This musical mashes South Pacific and Chicago with The Negro Motorist’s Green Book. Is the result a bombshell, or a ten-car pile-up?
By Andrew Andrews
Rose’s War is the story of three wars: World War II, the war between the sexes, and, primarily, the war over segregation, especially in the jazz clubs of Harlem.
Alex Lugo stars as the diva Rose, the illegitimate daughter of Cecil (Gavin Gregory), a smack-addicted trumpeter and owner of the integrated Pair O’Dice club.
The musical feast explores Rose’s interracial romance with Danny (Jace Reinhard) of the 8th Army Air Corps, who sometimes plays piano and sings at Pair O’Dice.

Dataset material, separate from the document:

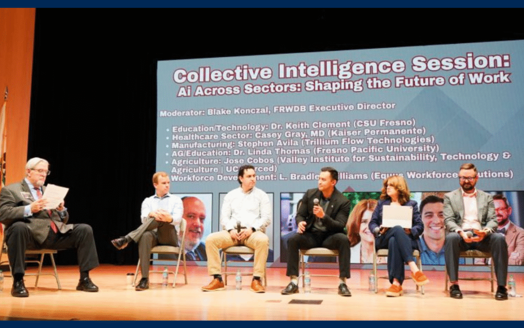 Jose Cobos, VISTA F3 Industry Relations Coordinator, represented VISTA and UC Merced on the “AI Across Sectors: Shaping the Future of Work” panel hosted by the Fresno Regional Workforce Development Board. Joined by colleagues from health, manufacturing (Stephen Avila), and ag education (Linda Thomas, Ed.D.), he discussed the mindset shifts and digital literacy skills needed for tomorrow’s workforce.

With a handsomely costumed, fourteen person cast performing over two dozen song-and-dance numbers practically back to back, Rose’s War is a nonstop treat of catchy lyrics set to familiar-sounding tunes, resulting in one hell of a good time for anyone who loves the work of Rogers & Hammerstein or Sondheim & Bernstein.
Backed by a live band, this is the closest you can get to a full blown Broadway musical within the confines of a black box theatre, for a price that’s ten times more friendly to your pocketbook.
Everyone on the stage delivers a thoroughly enjoyable experience, with a magnificent performance by Lugo, and frenemy Steffanie Leigh as Decca Records star Sophie Hudson also standing out.
This is not to say that the piece is perfect, by any means, even overlooking the sound issues and other limitations that are bound to crop up in a low budget festival, where each performance is sandwiched between unrelated others. The story itself is a bit repetitive and the ending very anticlimactic, and the role of Danny would benefit from a deeper voice. But Rose’s War is a work in progress—albeit one that’s already highly tuned—and I have no doubt that a slightly more polished version of this project would have tremendous success on Broadway.
Andrew Andrews attended Rose's War at The Clemente Teatro LATEA in Manhattan on Friday, August 16, 2019 @ 4:00pm to write this review.